With inspiration from both Chinese and European traders, the dish has been available around Chicago for years and is showing up again at a pair of new restaurants.
However, like any country with a diverse population, there are more than 7,000 islands in the archipelago with differences between nearly every adobo.
A lot of it depends on how someone's mom learned to cook it and you can see the influences right away. Some use more sugar for caramelization, others rely on longer stewing for a more gravy-like sauce. The only thing they really have in common is garlic rice. Beyond that, adobo in Chicago is subject to a lot of interpretation.
Foot traffic at the Chicago French Market is a lot lighter these days, and A Taste of the Philippines is a kiosk there that could easily be missed if you blink. Owner Kathy Vega Hardy makes everything from scratch, like her hand-rolled lumpia, and when her adobo is front-and-center on the menu.

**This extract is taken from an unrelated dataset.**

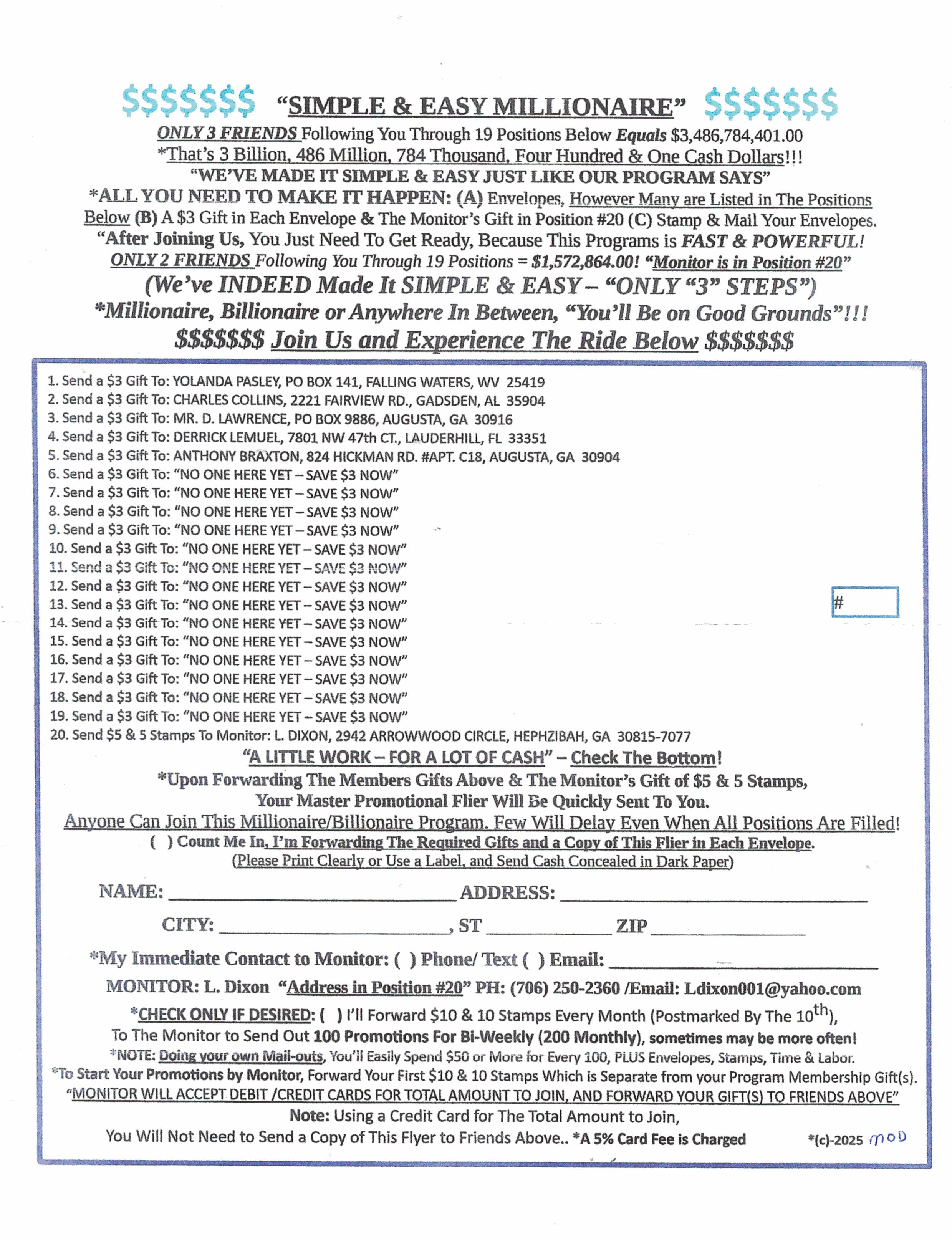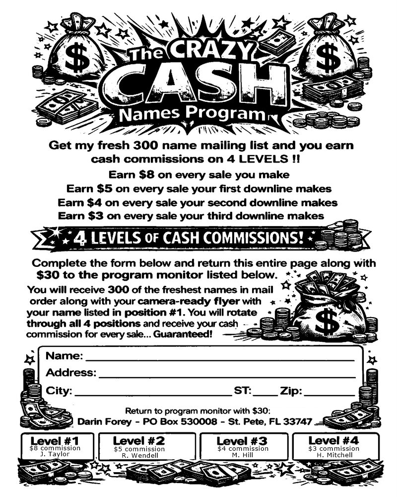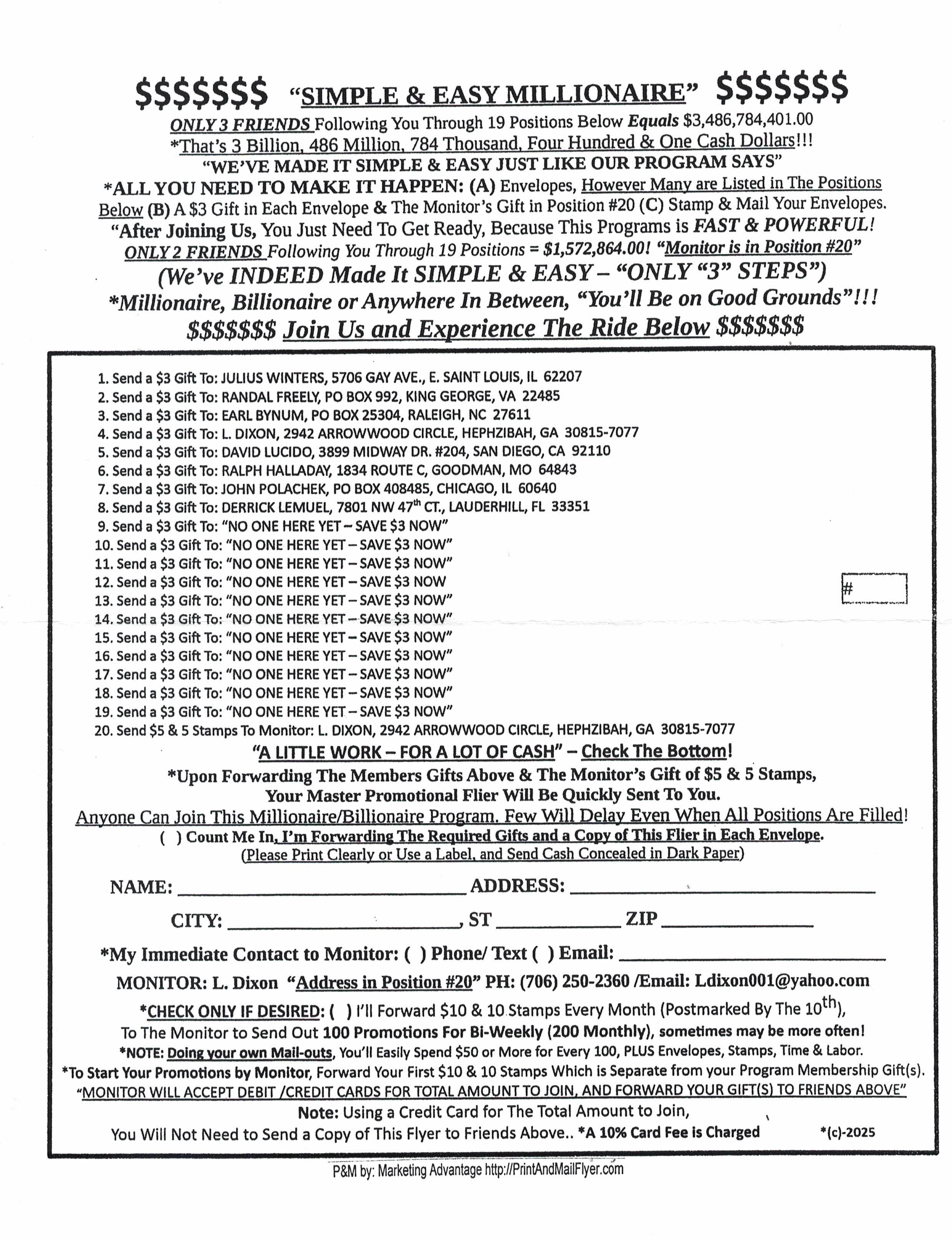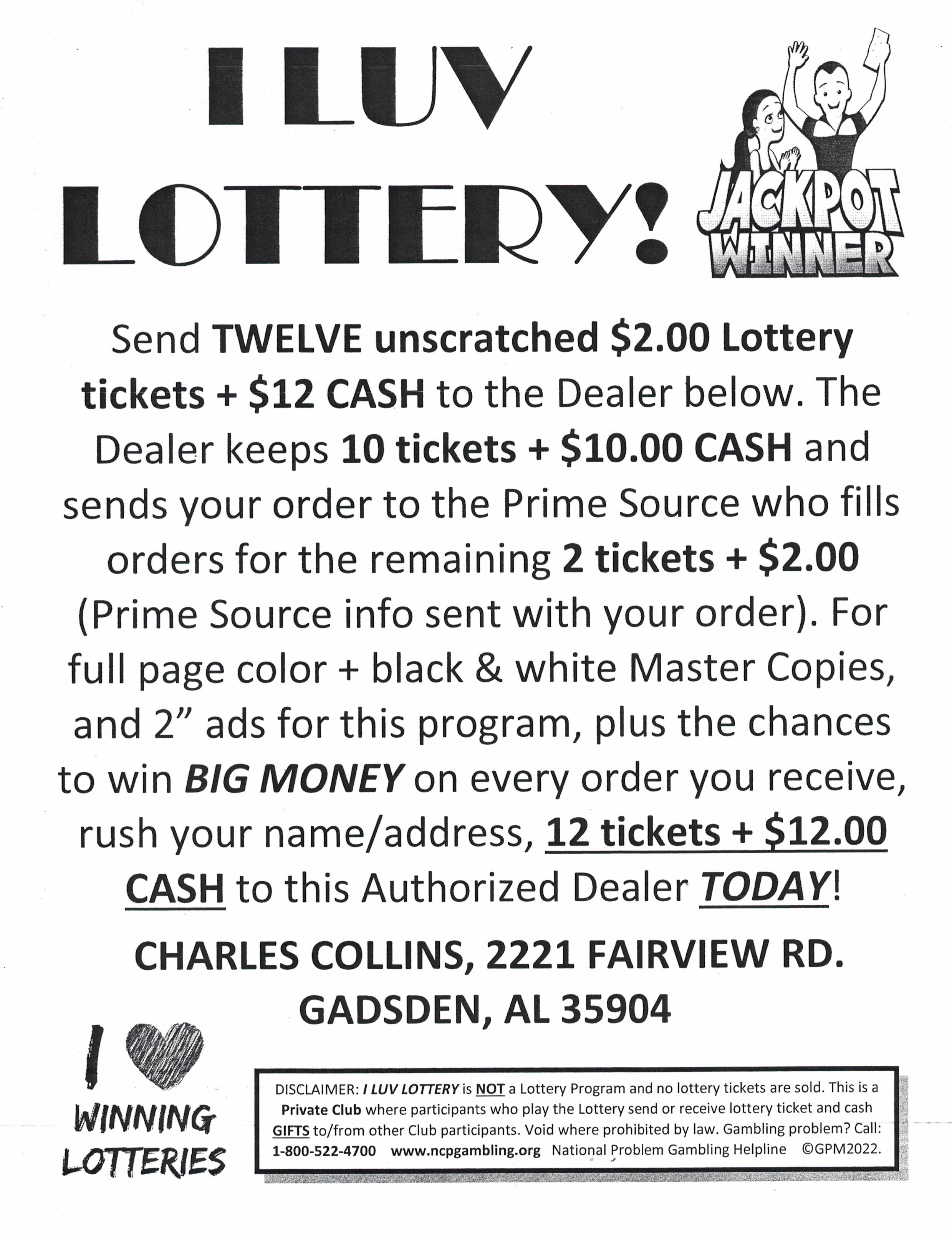 4/7/26 - Big D's Mail Order Advertiser Issue #0426 has been published. You can view it online by clicking here. 3/16/26 - Mail dealer Charles Collins of Gadsden, AL has returned from vacation and open for cash gifting across the country. 3/7/26 - NEW! Need to contact the publisher? Save a stamp and click the link above with your questions or comments. I will respond by email. |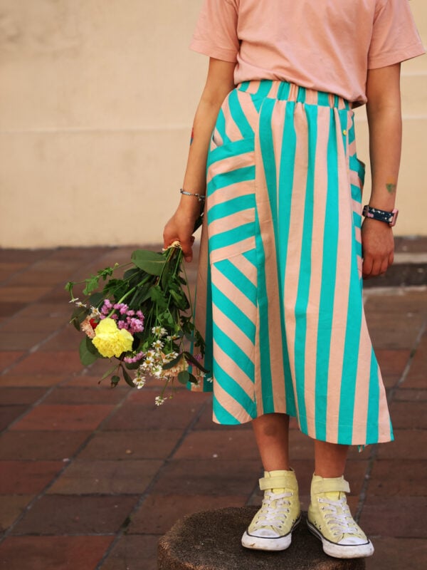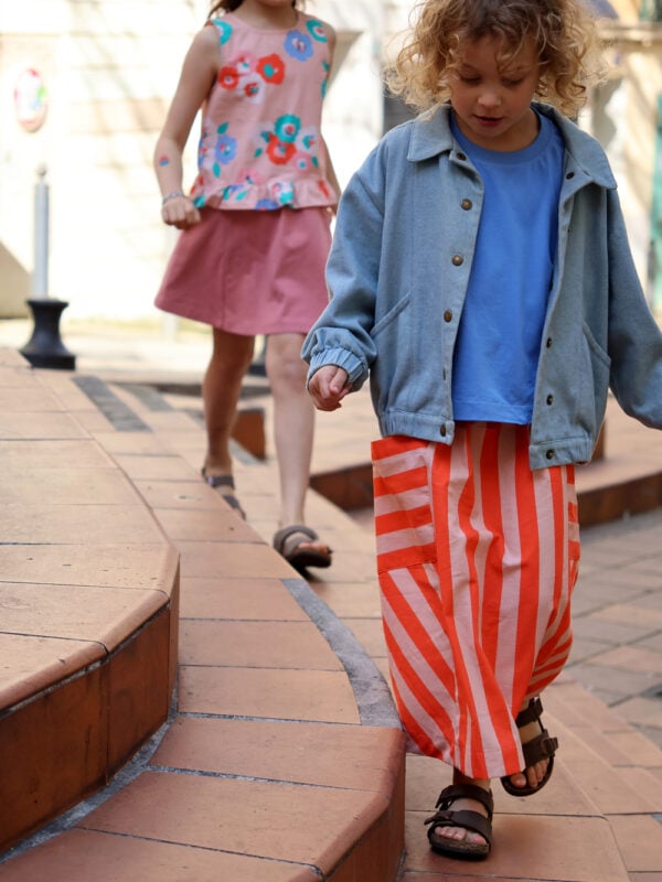 Origami est une jupe estivale modulable et très accessible, disponible pour la femme du 2XS au 4XL et pour les kids du 3 au 12 ans, idéale pour créer des looks assortis.

"Adobo is a very classic dish, it's probably one of the most well-known dishes in the Philippines," Hardy said. "It's chicken or pork, and it's simmered in soy sauce, vinegar, lots and lots of garlic, bay leaves and peppercorns."
Served over garlic rice, the chicken legs get a light shower of fried garlic and some fresh scallions.
"The acidity with the salt and you include that with the rice...it's so good," she said.
Like nearly everyone's adobo recipe, it's inspired by the one her mother gave her.
"It's kind of gravy-like, so that's how I was influenced to make my recipe kind of like hers but kind of different," she said.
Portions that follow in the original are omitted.